Butterflies of the Amazon and Andes
Sela Skipper
Mimardaris sela  HEWITSON, 1866
Mimardaris sela chanchamayonis, Satipo, Peru Dave Griffiths
The subfamily Pyrrhopyginae comprises 163 species, most of which are confined to the Neotropics, although a few occur in Mexico, and a single species Apyrrothrix araxes reaches Arizona.
The Pyrrhopyginae are characterised by having a massive muscular thorax and a conical abdomen with compressed segments. The wings of most species are black, often with a metallic blue sheen, and are swept back, half covering the hindwings when the butterflies settle.
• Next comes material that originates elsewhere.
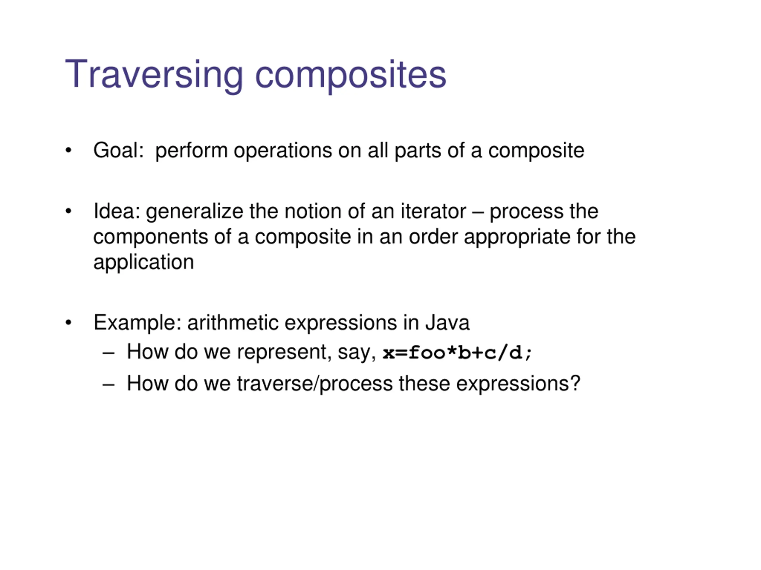 Traversing composites Goal: perform operations on all parts of a composite Idea: generalize the notion of an iterator process the components of a composite in an order appropriate for the application Example: arithmetic expressions in Java How do we represent, say, x=foo*b+c/d; How do we traverse/process these expressions?

Several of the genera, including Jemadia, Elbella and Parelbella have a pattern of hyaline "windows" on the forewings, and are marked with stripes and bands of brilliant blue and white.
Mimardaris has a similar pattern but differs in that the hyaline areas windows are heavily suffused with copper, and the thoracic stripes are dark orange in colour. The 7 Mimardaris species are very similar to each other in pattern, with the exception of aerata in which the wings are unmarked and metallic olive in colour.
Mimardaris sela is the most widespread species, found in Colombia, Ecuador, Peru and Bolivia. The illustrated subspecies chanchamayonis is endemic to the Chanchamayo valley in Peru.
Mimardaris sela occurs in transitional rainforest / cloudforest habitats on the eastern slopes of the Andes, at elevations between about 400-1600m.
To be completed.
Adult behaviour

Males are usually seen when discovered imbibing mineralised water from wet rocks, or at the edges of streams at dawn. They avoid sunshine and rarely fly after 10am. When settled on the ground they hold their forewings swept back, partially covering the hindwings.